Make an exact copy of all the data, pictures excluded.

Data entries
-- Opening Marker --

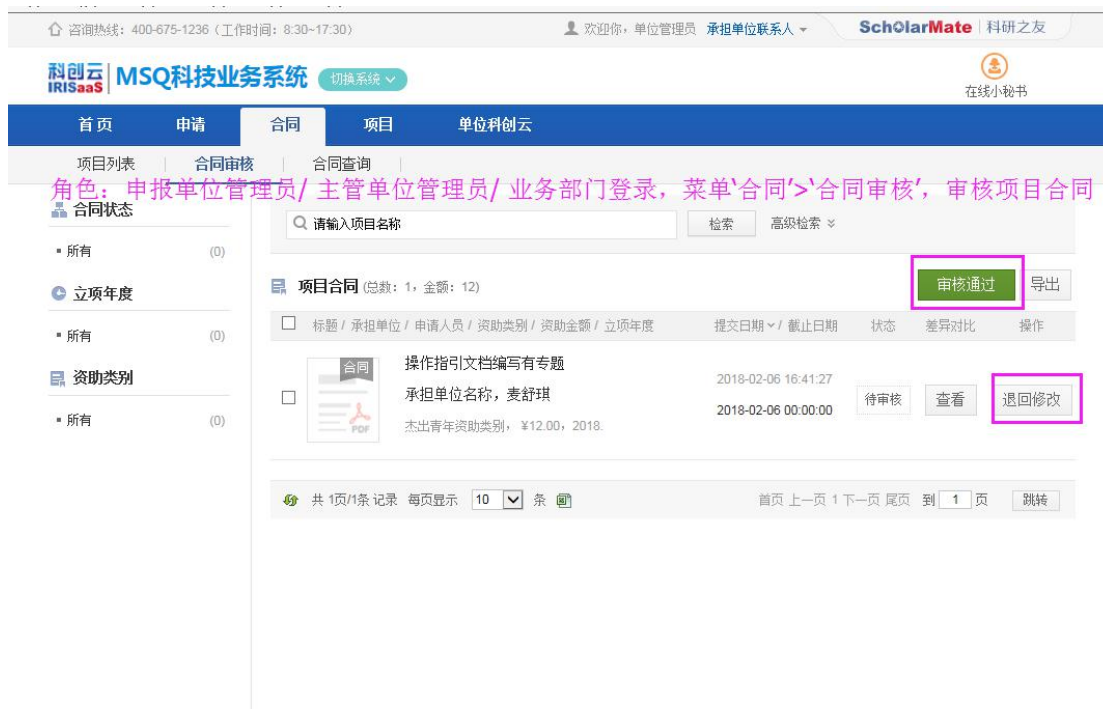
图 7 进入审核
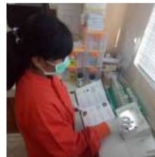
Gambar 7. Penggunaan Buku Panduan pada tahap uji coba lapangan.
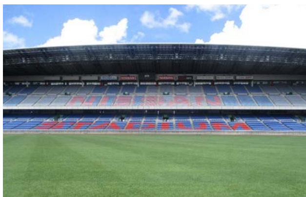
普段は入れないフィールドを選手目線で体感！
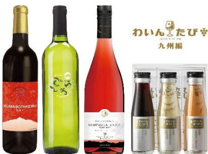
セット B イメージ ※フルボトルは参考イメージです
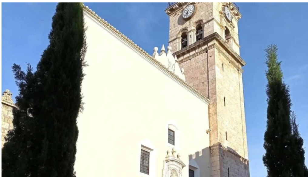
Iglesia de santa maria comentario 10
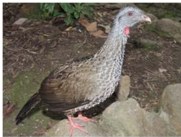
1 Ortalis ruficauda (JSZ) CRACIDAE
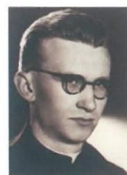
Titus Zeman 1915 - 1969
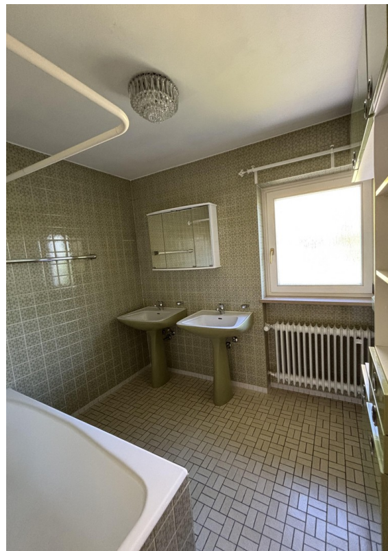
Bad groß OG

-- Closing Marker --

• **Exercise solution**
图 7 进入审核
Gambar 7. Penggunaan Buku Panduan pada tahap uji coba lapangan.
普段は入れないフィールドを選手目線で体感！
セット B イメージ ※フルボトルは参考イメージです
Iglesia de santa maria comentario 10
1 Ortalis ruficauda (JSZ) CRACIDAE
Titus Zeman 1915 - 1969
Bad groß OG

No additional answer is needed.